The reason for the different connectives, when defining the restricted quantifications, is essentially that this is what we need to have in order to allow the restricted quantifications to behave as if they were 'normal' quantifications on the smaller domain.

Understanding ∀ and ∃ in plain English

Using all of the above, we can understand how sentences in everyday language can be described in terms of the quantifiers. In the end, it boils down to understanding things in terms of "some" or "all", and then translating them formally.

  • "No X" or "None of X" are universal statements.

    Why? Because "none" is the negation of "some". So, if we say "No X is P", we are really saying

    There does not exist an X which is P

    or equivalently

    ¬∃x∈X: P(x)
    ≡   ∀x∈X: ¬P(x)

    which is a universal statement.

  • "Some X" statements are existential statements.

    This is true whether or not we're talking about some X having a property, or some X lacking a property. Why? In this case, it's right there in the language.
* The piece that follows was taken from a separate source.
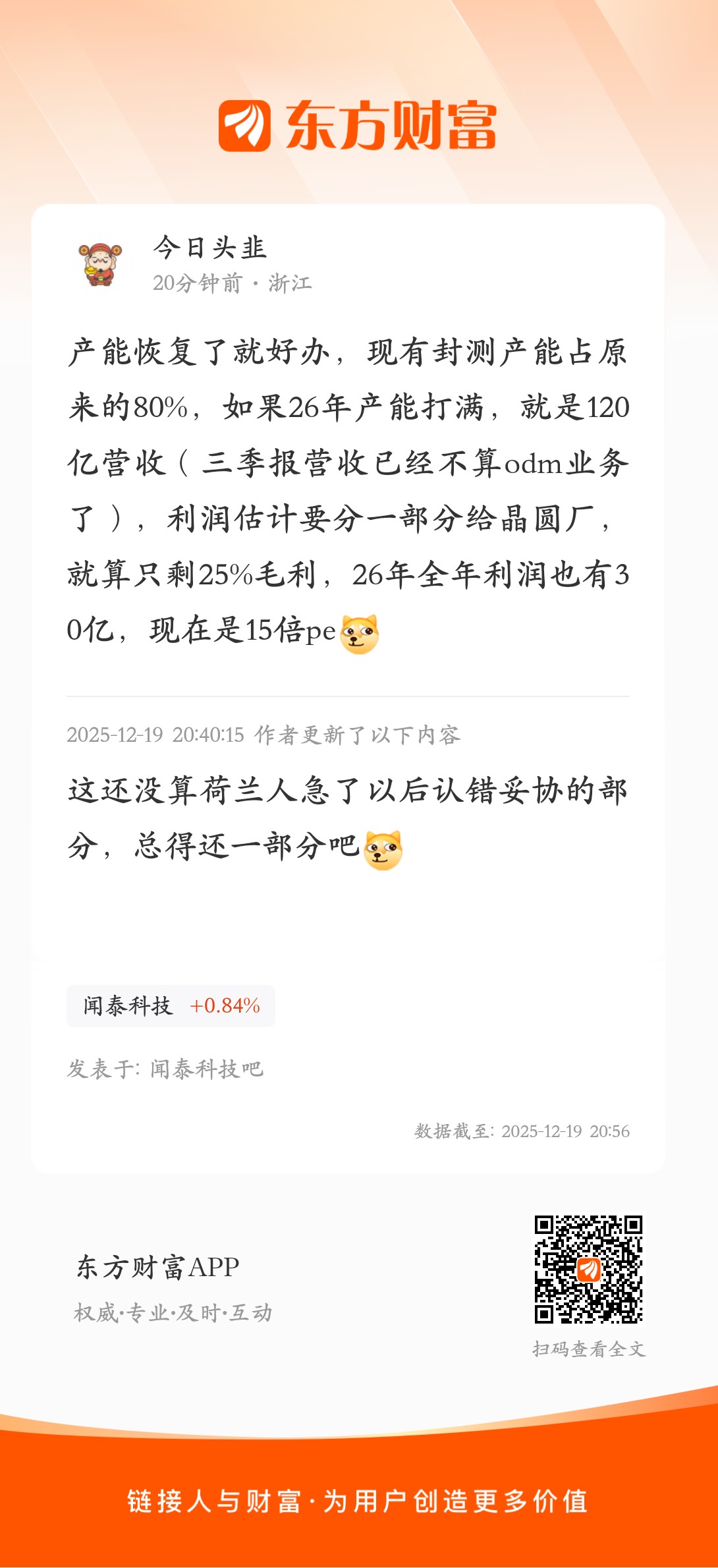 产能恢复了就好办,现有封测产能占原来的80%,如果26年产能打满,就是120亿营收(三季报营收已经不算odm业务了),利润估计要分一部分给晶圆厂,就算只剩25%毛利,26年全年利润也有30亿,现在是15倍pe

If we say "some X are P", we are saying

    There exists an X which is P

    or equivalently

    ∃x∈X: P(x).

    Similarly, if we say "some X are not P", we are saying

    There exists an X which is not-P

    or equivalently

    ∃x∈X: ¬P(x).

    So both of these are obviously existential.

  • "All X" and "every X" statements are universal statements.
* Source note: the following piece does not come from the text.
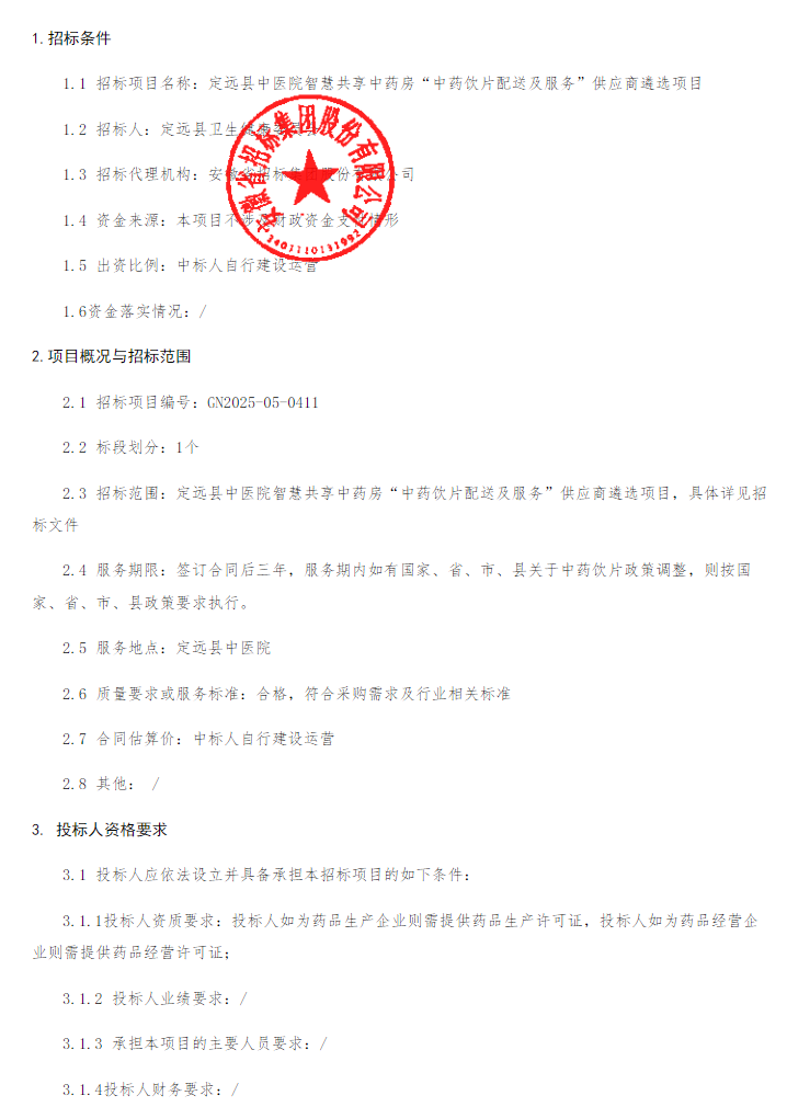 【西安市长安区定远县中医院】陕西省西安市长安区定远县中医院智慧共享中药房“中药饮片配送及服务”供应商遴选项目招标公告

    This is again true whether or not we're talking about some X having a property, or some X lacking a property, and as in the case of "some" statements, it's right there in the language: an "all" statement will boil down to something of the form

    ∀x∈X: P(x)   or   ∀x∈X: ¬P(x),

    depending on whether it's about whether every object is P, or every object is not-P.
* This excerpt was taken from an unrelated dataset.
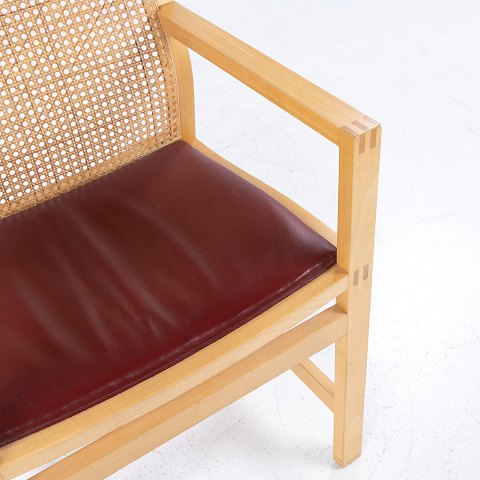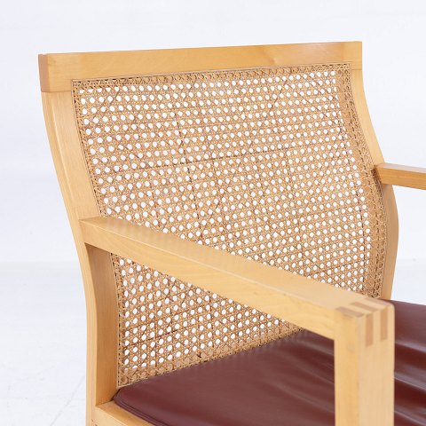 7512 - Armstol fra 'Kongeserien' i ask og patineret rødt læder.

  • "Any X" statements are universal statements.

    You have to be careful to think about how the word 'any' is used. We often ask in English: are there any of [some object]? This question might be one about existential quantification, but it certainly is not an existential proposition — nor a proposition of any kind.

    If you think of any statement (as opposed to the question) of the form "any X", it should be fairly clear that it has to do with something which said to be true of all obejcts. "Anyone who is born in Scotland is Scottish" is a statement about all people who are born in Scotland; "The square of any integer is another integer" is a statement about something which holds for every integer. So an "Any X is P" statement translates as

    ∀x∈X: P.

    This is also true of "there aren't any X" statements, of the sort connected with the question "are there any?" If we say that there aren't any, we assert that there are none of X; so as we observed above, we're asserting

    ¬∃x∈X: P   ≡   ∀x∈X: ¬P.

In this way, by carefully considering what is being stated, we can convert it to a statement about existence, not-existence, or something which is true for all objects, and then transform it into something which is obviously existential (∃) or obviously universal (∀).

On the order of quantifiers

It's important to remember that the order of the quantifiers matter — you often cannot re-order them without changing the meaning.

  • You can change the order of two adjacent existential quantifiers, essentially because OR is commutative and associative: remember that a v b v c is the same as c v a v b, and so on. So if c = "eating cheese", and if A(x,t,a) means that "x is a place and t is a time when doing a is appropriate", then

    ∃x ∃t: A(x,t,c)   and   ∃t ∃x: A(x,t,c)

    both mean essentially there is a time and a place for eating cheese; the difference amounts to whether the disjunction first iterates through possible places and then (for each place) considers possible times to find if there is an appropriate time at that place; or whether instead the disjunction first iterates through possible times and then, for each time, considers possible places to find out if there is an appropriate place at that time.

  • Similarly, you can change the order of any adjacent universal quantifiers. If you're an extreme cheese enthusiast, you might want to assert the following (both of which are equivalent):

    ∀x ∀t: A(x,t,c)   and   ∀t ∀x: A(x,t,c)

    both of which mean that every time and every place is a good time and place to eat cheese — it doesn't matter which time you consider, every place is good; and it doesn't matter what place you're at, anytime is good.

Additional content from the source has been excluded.